Jean-Baptiste Auguste Clésinger (22 October 1814 – 5 January 1883) was a 19th-century French sculptor and painter.

Life 

Auguste Clésinger was born in Besançon, in the Doubs department of France. His father, Georges-Philippe, was a sculptor and trained Auguste in art. Auguste first exhibited at the Paris Salon in 1843 with a bust of vicomte Jules de Valdahon and last exhibited there in 1864. At the 1847 Salon, he created a sensation with his Woman Bitten by a Serpent, produced from life-casts from his model Apollonie Sabatier (the pose being particularly suitable for such a method), thus reinforcing the scandal with an erotic dimension. Appolonie Sabatier was a salonnière and the mistress of Charles Baudelaire and others. The sculpture's beauty was praised by Théophile Gautier:

Clésinger also portrayed Sabatier as herself, in an 1847 marble sculpture now in the Musée d'Orsay.

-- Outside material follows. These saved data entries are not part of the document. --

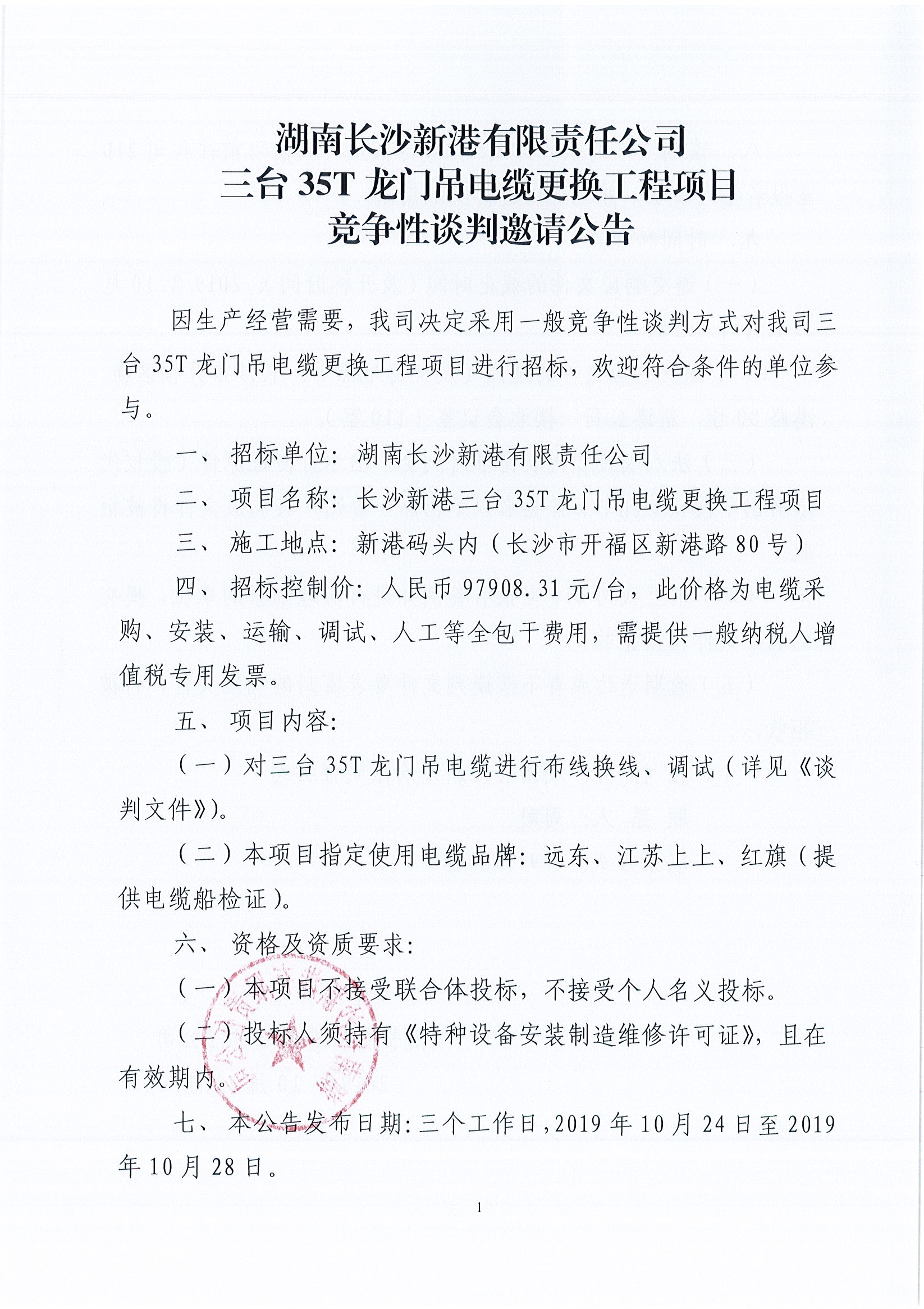 湖南長(zhǎng)沙新港有限責(zé)任公司三臺(tái)35T龍門(mén)吊電纜更換工程項(xiàng)目競(jìng)爭(zhēng)性談判邀請(qǐng)公告
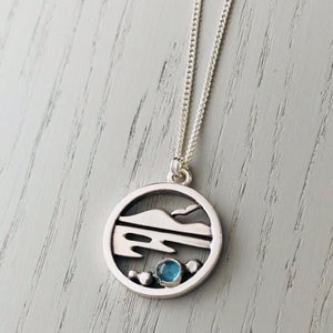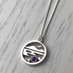 This stunning sterling silver pendant is hand crafted in the Orkney Islands of Scotland, by Celina Rupp Jewellery and set with a choice of Amethyst or Blue Topaz cabochon cut gemstones.
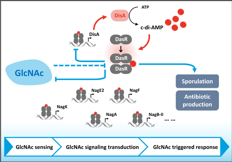 该研究发现了c-di-AMP能够调节GlcNAc信号转导的新功能,解析了c-di-AMP与转录因子DasR非共价结合调控放线菌发育与次级代谢的分子机制,揭示了除(p)ppGpp,c-di-GMP以外的又一种核苷酸类第二信使对于放线菌生理功能的调节模式,对于全面理解放线菌生理代谢与功能,提升放线菌在合成生物学、疾病治疗、药物和疫苗等生命健康领域应用提供了新的思路。
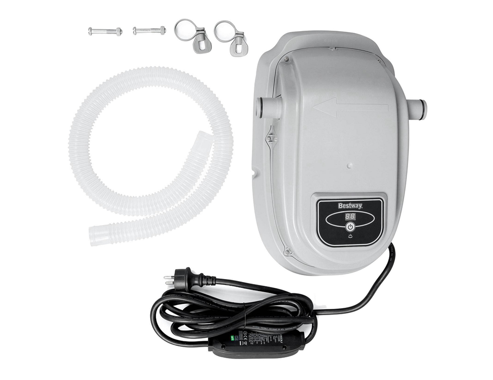 Электронагреватель для сборных бассейнов 58259 от производителя Bestway – незаменимый аксессуар, который работает от энергосети в 220 вольт. Данный нагреватель используется для сборных бассейнов Bestway диаметром до 4.57 метра, объем которых составляет от 1520 до 17035 литра.
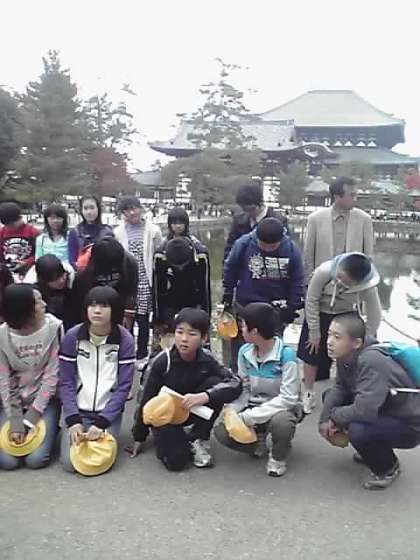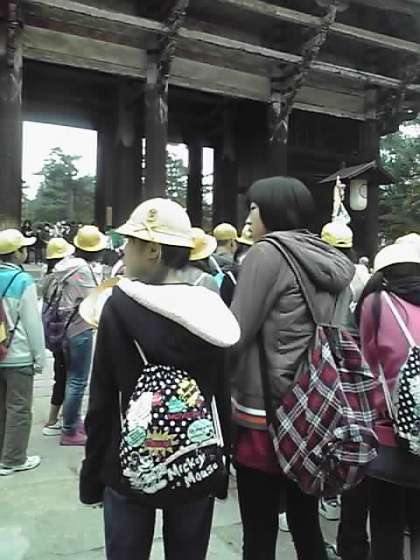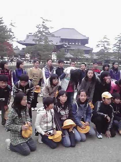 予定より30分ほど早く東大寺に着きました。鹿のまねをして、おじぎ・・・?
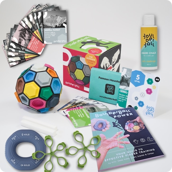 The Boulderball is the world's first portable bouldering game. The Power Bundle expands the Basic with an effective and well thought-out training package to strengthen your fingers, tendons and forearms. Lees meer

He produced busts of Rachel Félix and of Théophile Gautier, and a statue of Louise of Savoy (now in the Jardin du Luxembourg). He received the knight's cross of the Légion d'honneur in 1849 and rose to an officer of the order in 1864. In 1847, he married George Sand's daughter, Solange Dudevant. In 1849, the couple had a daughter, Jeanne, nicknamed Nini, who died in 1855 shortly after her parents' separation.

At the death of the composer-pianist Frédéric Chopin on 17 October 1849, Clésinger made Chopin's death mask and a cast of his hands. He also sculpted, in 1850, the white marble funerary monument of Euterpe, the muse of music, for Chopin's grave at the Père Lachaise Cemetery, in Paris.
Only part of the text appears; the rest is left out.